Ok, this seems like an obvious question, and no, it isn’t a trick.
We hire people because we have assignments that need to be completed, sales to be made, and products to be created, manufactured, shipped and billed. We hire people because we’re growing and because other people leave.
We hire people to be productive and to get work done. To meet goals. Yet, that’s often not how we judge or evaluate employees. Too often, we judge them based only on the hours they work.
Logging long hours means “hardworking,” right?
Let me offer an example: A person is at his desk every day when you arrive and is still there most of the time when you leave. What is your first thought about that person? He’s a hard worker, right? And if he puts in weekends when needed, you see him as dedicated, willing to go the extra mile, and committed to the work, correct?
That may be true, but I want you to think about something else: How much is that employee achieving? Is he getting the right things done with the right level of quality in a manner that meets the organization’s needs? Is he hitting his goals? Do all those extra hours positively impact the bottom line? You must answer those questions to fully assess how successful, hard working or dedicated the employee is.

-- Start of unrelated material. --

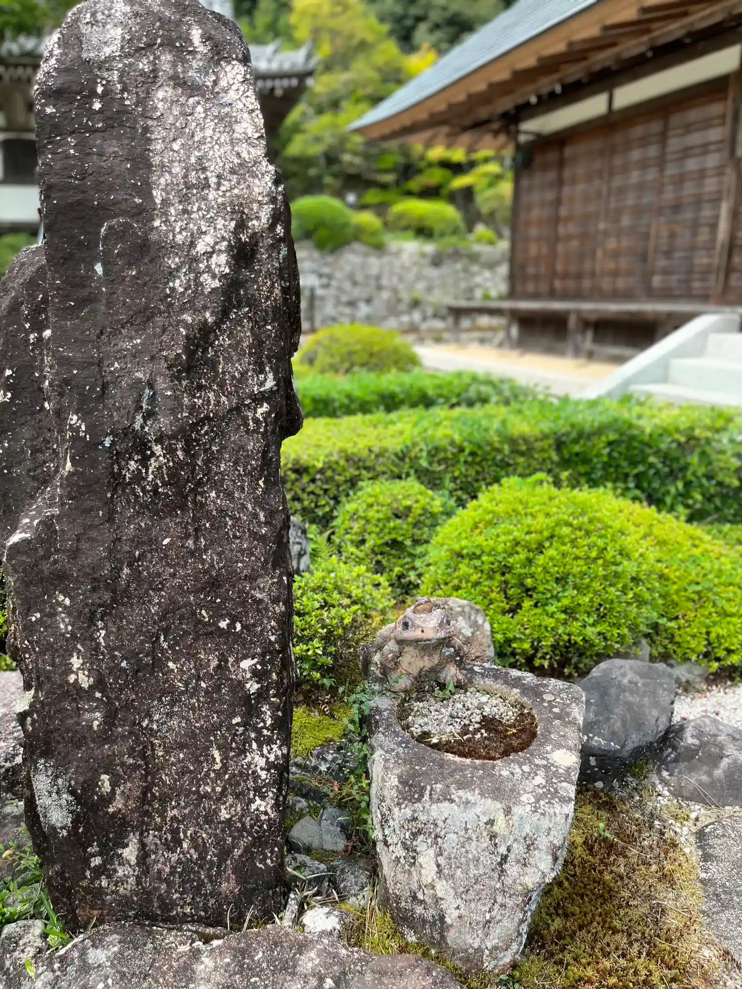 本堂前の手水盤、予想以上過ぎる水量に(笑)
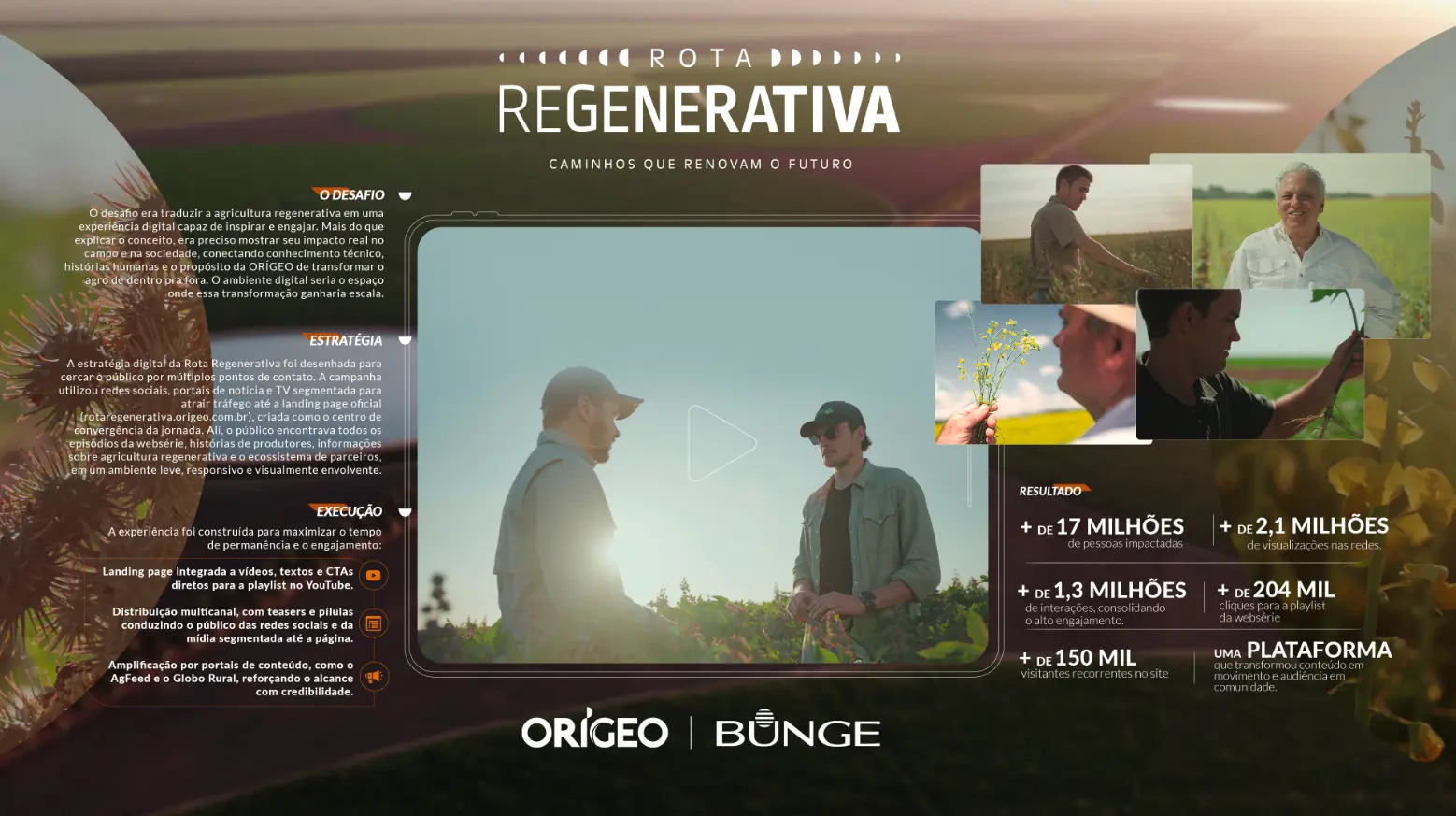 A estratégia foi construir um ecossistema digital completo, com a landing page Rota Regenerativa como elemento chave da jornada: rotaregenerativa.origeo.com.br O site reuniu todos os episódios da websérie, conteúdos educativos e dados sobre o impacto da agricultura regenerativa. Tudo em um ambiente imersivo e interativo. A campanha de mídia digital atuou de forma integrada, cercando o público em diferentes pontos de contato: redes sociais, portais de notícia, plataformas diversas e parceiros estratégicos do agro. O objetivo era não só gerar tráfego qualificado, mas formar uma comunidade digital engajada, que se inspirasse, compartilhasse e se reconhecesse como parte desse movimento.

Now, consider this situation: A person is at her desk early and late. What you don’t know is that she is getting her work done in about half the day, but she has figured out that you view people as “hardworking” if they log extra hours. She either glides through the work more slowly, or she finishes early and spends company time reading, surfing the internet, or doing other time-consuming, low value activities. When she realizes you really value weekend workers, she makes sure she has a little work to do (and ensures you know she is working) so that she looks extra dedicated.
Or this situation: A person is struggling to get his work done. He doesn’t really understand the goals and he makes many mistakes. Because of that, he needs as much time as possible to complete the work. So he comes in early and often leaves late. He completes the work, even if it sometimes takes the weekend to finish.
Neither of those last two situations are good for the team or business. So if you are forming opinions about employees, based only on the hours they work, you aren’t considering the full picture, and therefore, can’t accurately assess their competence or dedication.
Change your viewpoint to see the big picture
How do you change your mentality, so that you can fully and fairly evaluate employees’ performance?
- Change your personal perspective. Don’t let hours worked be your benchmark for just about anything. Focus on results and productivity.
- Set clear expectations of what success looks like. What are the benchmarks for productivity and quality? When will people know they are done with their work and have fully met your expectations?
- Measure, measure, measure. Once expectations are clear, we can measure progress and results. Measuring will help you see who is coasting, who needs to be challenged and who needs coaching.
- Provide the bigger picture. When people see the bigger picture, they can put their work into context. That will lead to better decisions, more engagement and higher productivity.
Focus more on results and outcomes than you do on time spent at work and you will see productivity, performance and quality rise.